We thank the reviewers for their helpful feedback, and will be sure to fix all typos noted in the reviews. Below we address the points raised in each review.$
Reviewer 1:

The squared optimization (1) achieves a low rank W matrix via a nuclear norm penalty, which is computationally impractical. The square-root optimization (2) can be posed so that the solution is inherently low rank and bypasses the nuclear norm.

The rank of the approximation is chosen as the smallest r which holds at least 85% of the similarity structure, ||S – YY’||_F/||S||_F < 0.15. This was a typo in the paper which will be fixed.

We provide a trick in the supplementary material to drop the PSD assumption.  The symmetric similarity matrix can be written as S = YDY’ where diagonal entries of D are the signs of eig(S) and Y contains appropriately scaled eigenvectors as columns. The final solution can be written as W = BDB’ where B is the solution of the optimization in (2).

Regarding Chamfer matching, please see response to similar question from Reviewer 3 below.

Our assertion that both approaches show significantly non-random predictions is based on a permutation-based paired t-test, where chance would have been zero difference. By this measure,  for example, GrOWL-II's performance  is significantly better than chance (t-value=8.59, p<0.0001). We will add this explanation.

Image quality will be improved for any final manuscript.

Reviewer 2:

RSA differs from NRSA in two respects: 1) RSA is restricted to local neighborhoods; 2) RSA considers the (unweighted) correlations between voxels in each local neighborhood. In contrast, NRSA is non-local and learns a weighting matrix W that reflects differing levels of interaction between voxels.
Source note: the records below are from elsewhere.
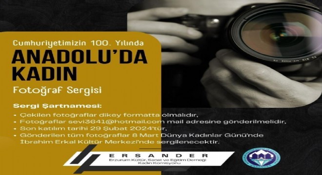 Erzurum Kültür, Sanat Eğitim Derneği (ERSANDER) tarafından ‘Anadolu’da Kadın’ konulu fotoğraf sergisi açılacak.
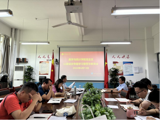 6月13日上午,数学与统计学院召开以案促改专题学习暨警示教育会,学院处科级干部、系主任、专业负责人、实验室主任以及专职辅导员参加。会议由党总支书记武江波主持。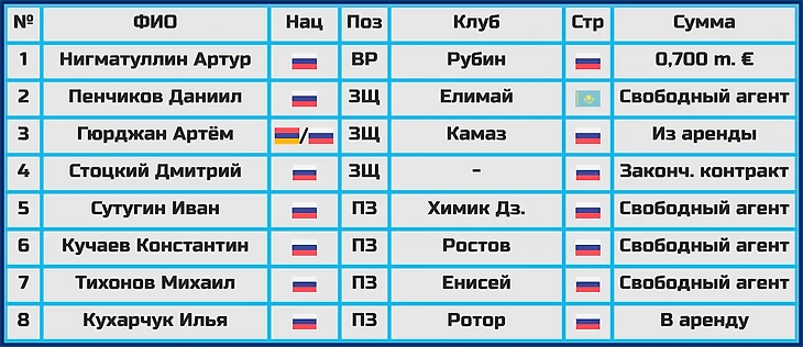 На бровках борьба за основной состав тоже будет непростой - слева могут сыграть болгарин Матео Стаматов, вернувшийся в клуб после аренды в «Муроме» Данила Ведерников или талантливый Максим Шнапцев, а вот справа в наличии опытный Дмитрий Живоглядов, отлично зарекомендовавший себя в прошлом сезоне Кирилл Боженов и взятый в аренду у « Краснодара» Александр Эктов.
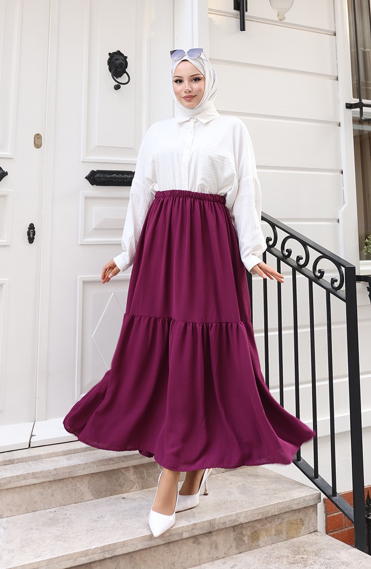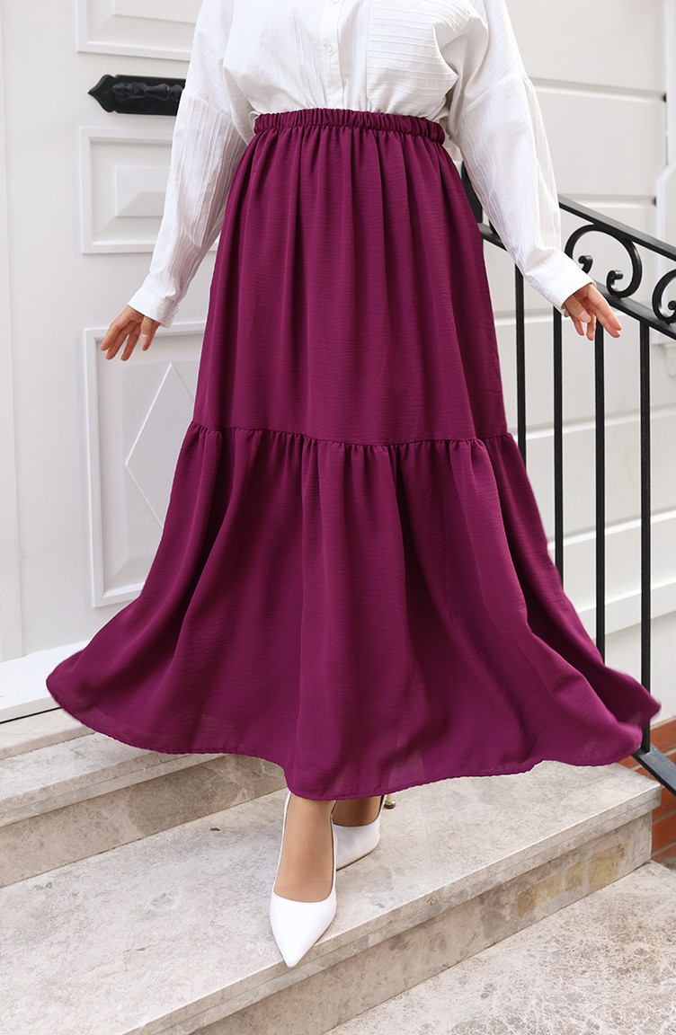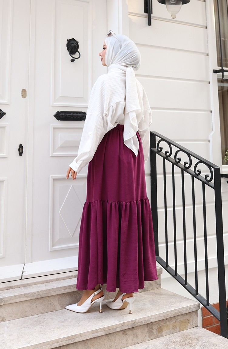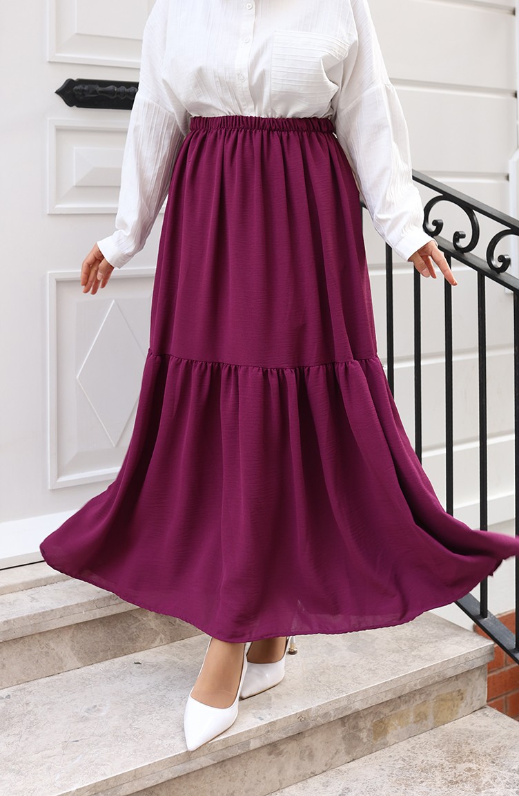 تنورة بقصة مريحة وخصر مطاطي 0227A-03 بنفسجي 0227A-03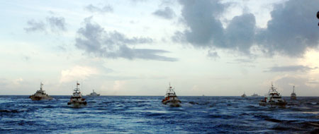 臺灣保釣人士以海釣船前往釣魚島宣示“主權”,十六日清晨當保釣船只接近釣魚島海域時,臺灣巡防艇(前)與日本保安廳巡邏艇(后)相互對峙,不讓日本船只接近保釣船,空中還有日本直升機沿途監視。整個釣魚島海域布滿雙方海防艦艇,情形緊張中相互又頗節制。“中央社”圖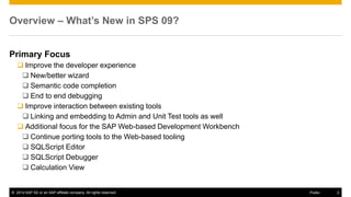 The document summarizes the new features and enhancements in SAP HANA SPS 09 related to development tools. Key updates include improvements to the developer experience with the SAP HANA Web-based Development Workbench, including new editors for objects like SQLScript, XSODATA, roles, and more. The SAP HANA Studio was also enhanced with features like one-click debugging between XSJS and SQLScript, direct editing from the repository browser, and semantic code completion.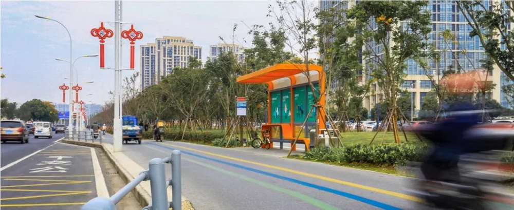 基于“綠化”、“彩化”、“人文化”的策略,將錫澄聯(lián)動(dòng)主軸的“橙色”作為標(biāo)志色,打造全齡化,時(shí)尚化的公交站臺(tái)與休憩設(shè)施。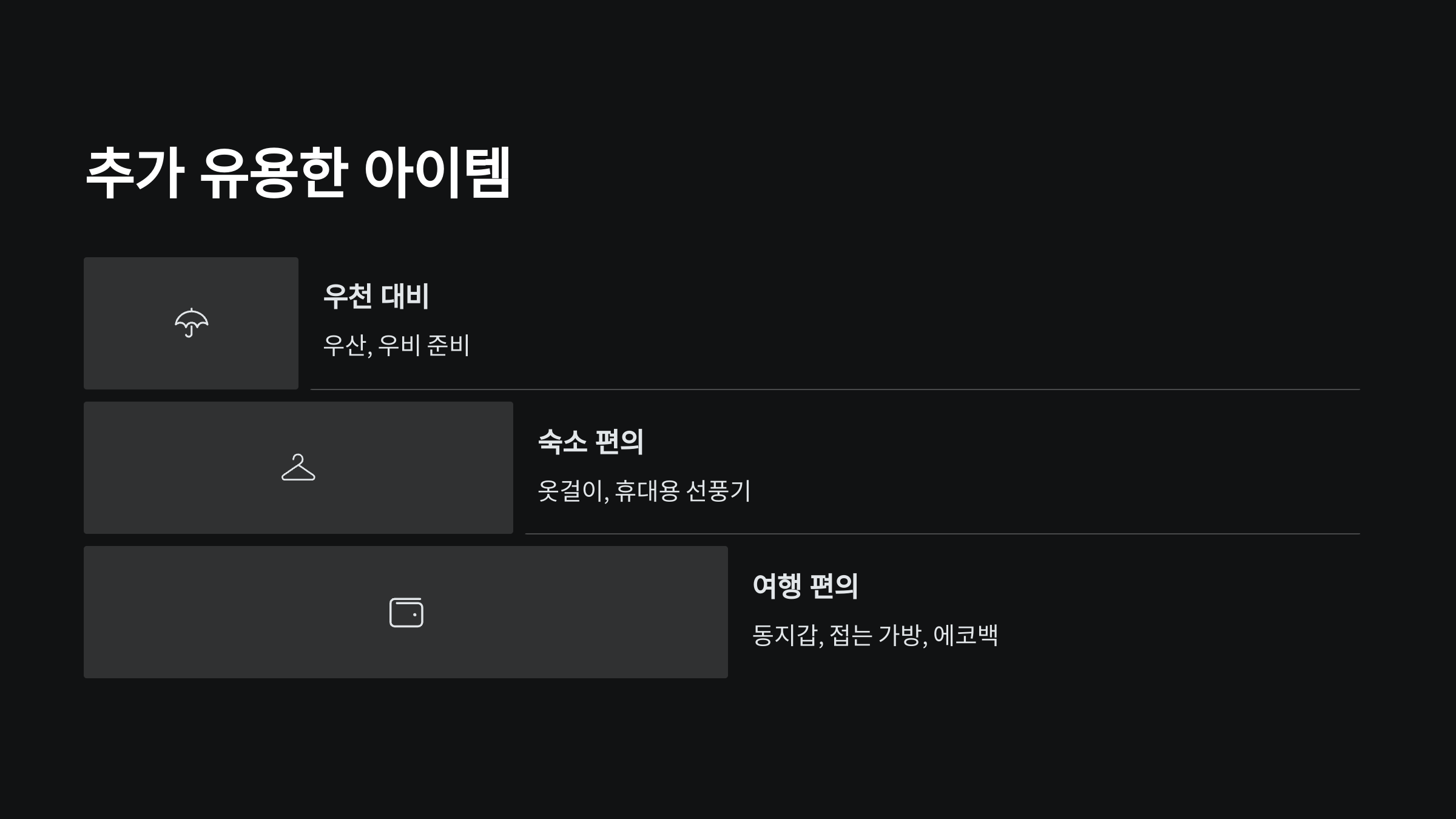 꼭 필요하지 않더라도 있으면 여행이 훨씬 쾌적해지는 준비물들이 있어요.

We agree with the reviewer that the left of the ROC graph is more practically relevant, and it is clear that GrOWL does much better than Group lasso in this region of the curves (Fig. 4).

We agree that more work is required to compose visualizations that provide clear insights to neuroscientists.

Reviewer 3:

The key difference between sparse multi-task and single-task regression, is the nature of the sparsity patterns: group-structured sparsity (multi-task) vs. standard sparsity (single-task).  Proximal point algorithms are designed for the specific form of sparsity, and thus are different in the multi-task setting. The derivation of the GrOWL and its proximal point algorithm is novel.

Chamfer distance [1] measures pixel-wise differences between binary bitmaps. The human visual system is organized hierarchically, with simplest features coded in a retinotopic map in the posterior and medial occipital cortex (V1)[2]. We expected that the visual structure expressed by Chamfer distance would be related to the low-level visual structure represented in V1, which is different from subjectively perceived visual similarity. Consistent with this expectation, our method selects many voxels in and around V1.

The problem we address differs from usual brain network analysis in that we are not interested in correlations in general. Instead, we seek a network of voxels with correlations that match a specific set of target similarities. We are not aware of prior work that deals with this problem, apart from the RSA approach which does not allow for distributed and weighted network representations.

The simulation study depicted in Fig. 3 shows how GrOWL is able to identify subnetworks that interact to encode representations of similarity information. The real data experiments depicted in Fig. 5 also show interacting subnetworks (brain areas).

Regarding other applications, we note that GrOWL is appropriate for general multi-task regression problems involving strongly correlated covariates. Such problems routinely arise in bioinformatics and other areas. The chemistry application mentioned in the introduction is part of an ongoing collaboration with researchers in chemistry education.

Neural coding is thought to be often highly redundant. GrOWL allows models with redundancy, whereas Group Lasso discourages the selection of redundant voxels.
Our simulation study (Fig. 3) shows that the GrOWL voxel selections are more stable
than the Group Lasso selections, (brighter color indicates more stability in the selections across trials). Although not discussed in the paper due to space limitations, we also observed this in the fMRI data.

[1] Borgefors, G. (1988) Hierarchical Chamfer Matching: A Parametric Edge Matching Algorithm. IEEE Trans. Pattern Anal. Mach. Intell., 10(6), 849-865.
[2] Kriegeskorte, N. &amp; Kievit, R.A. (2013) Representational geometry: integrating cognition, computation, and the brain.Trends in Cognitive Science, 17(8), 401-12.